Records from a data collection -
-.-.-

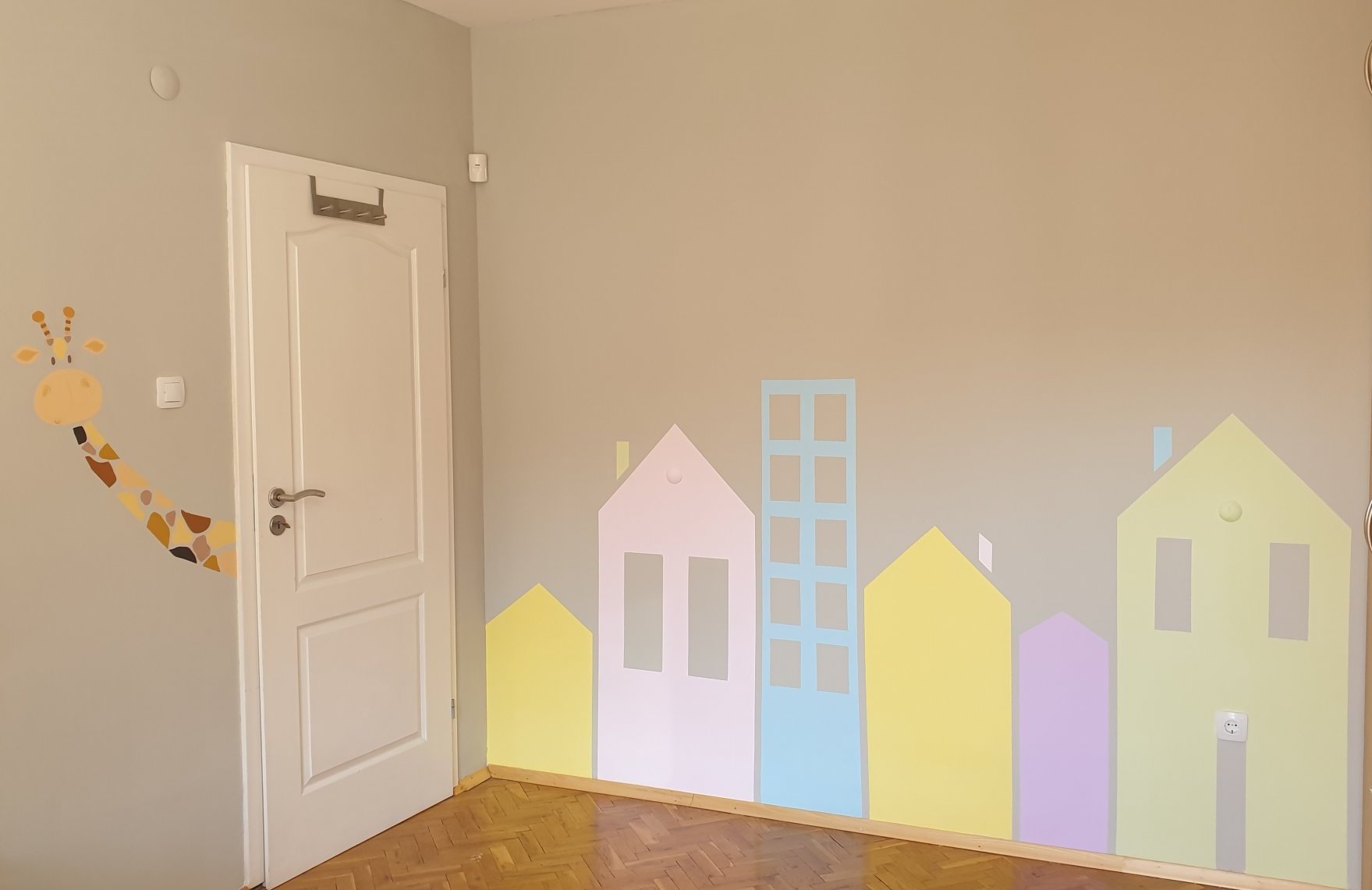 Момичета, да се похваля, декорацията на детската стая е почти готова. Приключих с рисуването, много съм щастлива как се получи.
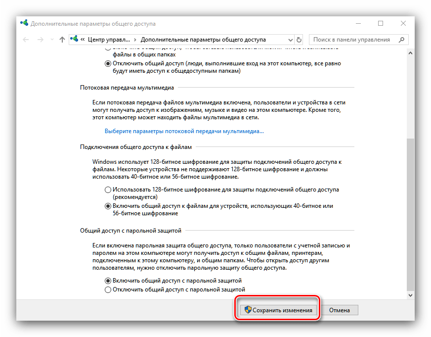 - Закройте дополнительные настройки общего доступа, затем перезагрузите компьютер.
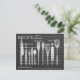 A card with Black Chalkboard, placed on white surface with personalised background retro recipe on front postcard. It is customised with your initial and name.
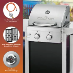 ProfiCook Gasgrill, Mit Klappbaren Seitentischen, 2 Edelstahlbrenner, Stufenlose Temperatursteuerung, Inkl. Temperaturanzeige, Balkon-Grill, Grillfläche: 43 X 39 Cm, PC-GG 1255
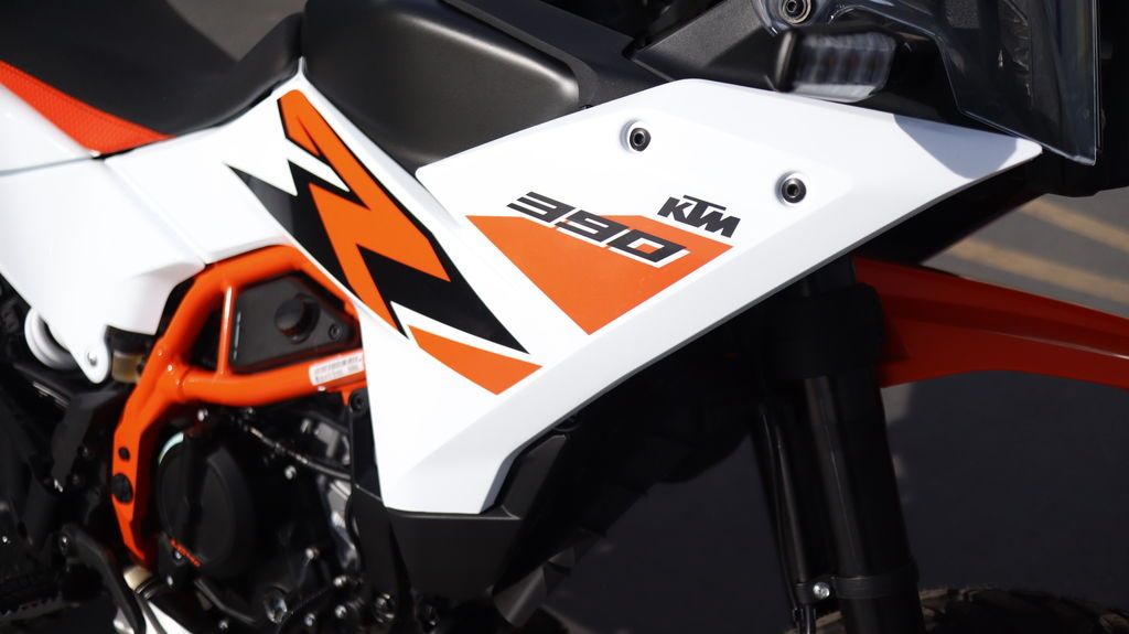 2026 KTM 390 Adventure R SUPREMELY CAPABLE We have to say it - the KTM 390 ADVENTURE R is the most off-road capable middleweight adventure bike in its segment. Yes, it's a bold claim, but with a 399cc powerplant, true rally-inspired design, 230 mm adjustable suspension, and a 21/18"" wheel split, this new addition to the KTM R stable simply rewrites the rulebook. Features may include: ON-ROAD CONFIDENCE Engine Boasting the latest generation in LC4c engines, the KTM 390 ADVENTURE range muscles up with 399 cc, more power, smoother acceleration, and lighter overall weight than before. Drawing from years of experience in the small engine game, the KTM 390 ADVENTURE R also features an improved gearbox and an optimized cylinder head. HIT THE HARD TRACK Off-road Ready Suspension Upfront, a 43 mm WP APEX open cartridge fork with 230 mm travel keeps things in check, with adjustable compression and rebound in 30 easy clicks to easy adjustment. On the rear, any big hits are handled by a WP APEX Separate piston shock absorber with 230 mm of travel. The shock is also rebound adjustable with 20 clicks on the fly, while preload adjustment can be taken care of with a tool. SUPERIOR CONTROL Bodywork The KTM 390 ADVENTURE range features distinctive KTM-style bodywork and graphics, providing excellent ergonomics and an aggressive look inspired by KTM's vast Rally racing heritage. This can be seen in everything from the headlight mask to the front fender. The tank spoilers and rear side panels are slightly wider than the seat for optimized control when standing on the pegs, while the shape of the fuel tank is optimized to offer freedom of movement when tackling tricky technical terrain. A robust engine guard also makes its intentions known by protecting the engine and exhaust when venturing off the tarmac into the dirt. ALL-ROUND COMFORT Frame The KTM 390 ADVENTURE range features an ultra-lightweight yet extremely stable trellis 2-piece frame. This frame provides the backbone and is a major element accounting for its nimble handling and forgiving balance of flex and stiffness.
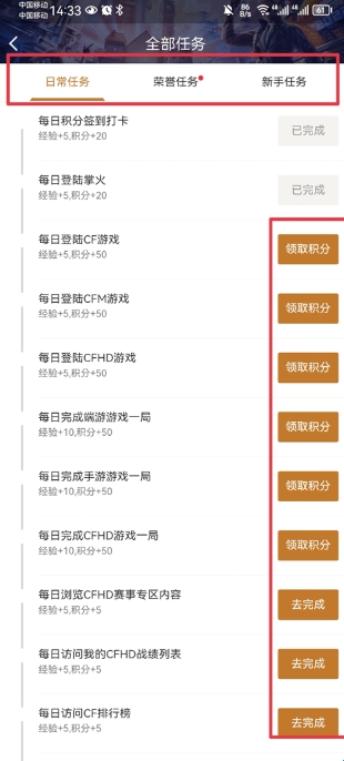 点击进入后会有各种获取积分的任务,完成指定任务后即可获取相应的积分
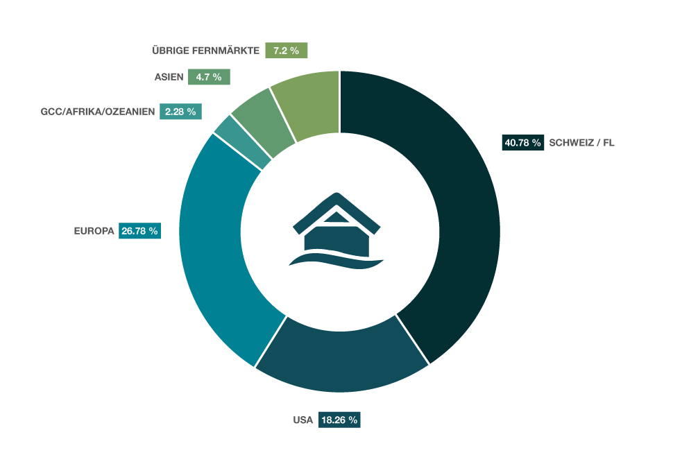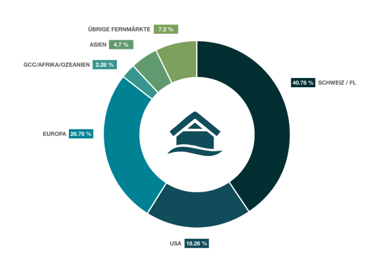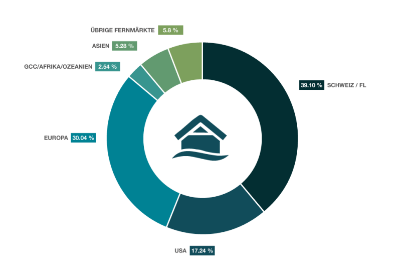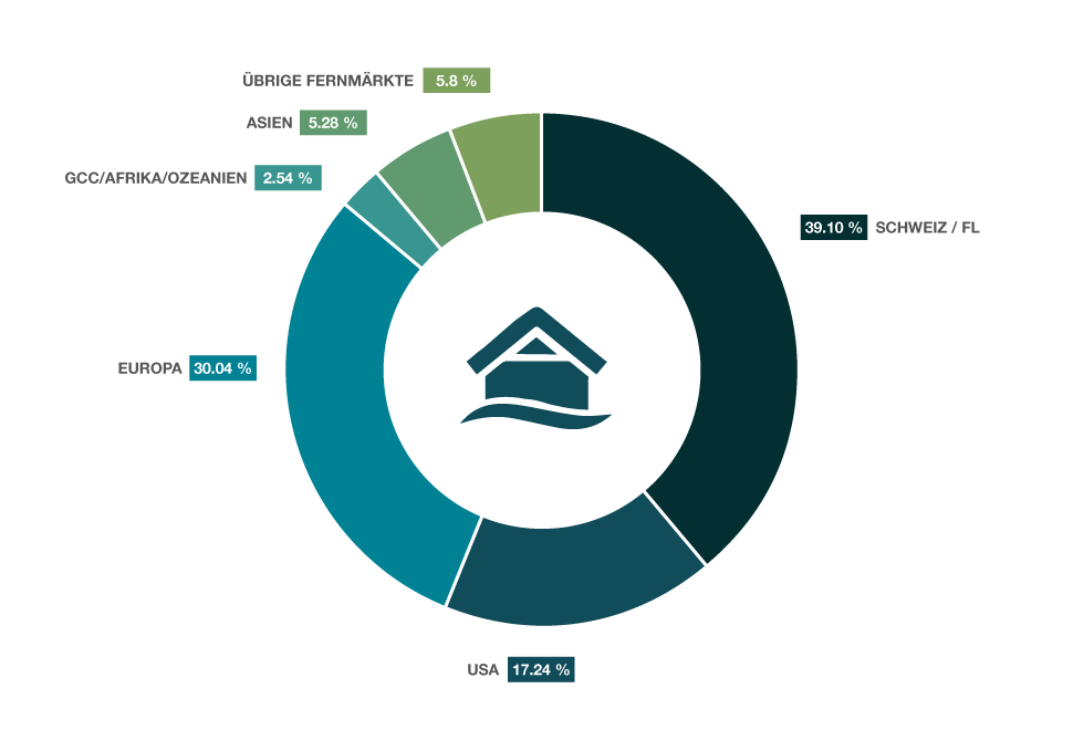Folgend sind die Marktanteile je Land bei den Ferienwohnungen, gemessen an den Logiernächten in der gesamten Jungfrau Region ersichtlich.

-.-.-

TASK GOAL -
Your output is the lines from the top of the entries through the line containing "ProfiCook Gasgrill, Mit", exactly as they stand. No pictures belong in it.

COMPLETED TASK -
 Момичета, да се похваля, декорацията на детската стая е почти готова. Приключих с рисуването, много съм щастлива как се получи.
 - Закройте дополнительные настройки общего доступа, затем перезагрузите компьютер.
 A card with Black Chalkboard, placed on white surface with personalised background retro recipe on front postcard. It is customised with your initial and name.
 ProfiCook Gasgrill, Mit Klappbaren Seitentischen, 2 Edelstahlbrenner, Stufenlose Temperatursteuerung, Inkl. Temperaturanzeige, Balkon-Grill, Grillfläche: 43 X 39 Cm, PC-GG 1255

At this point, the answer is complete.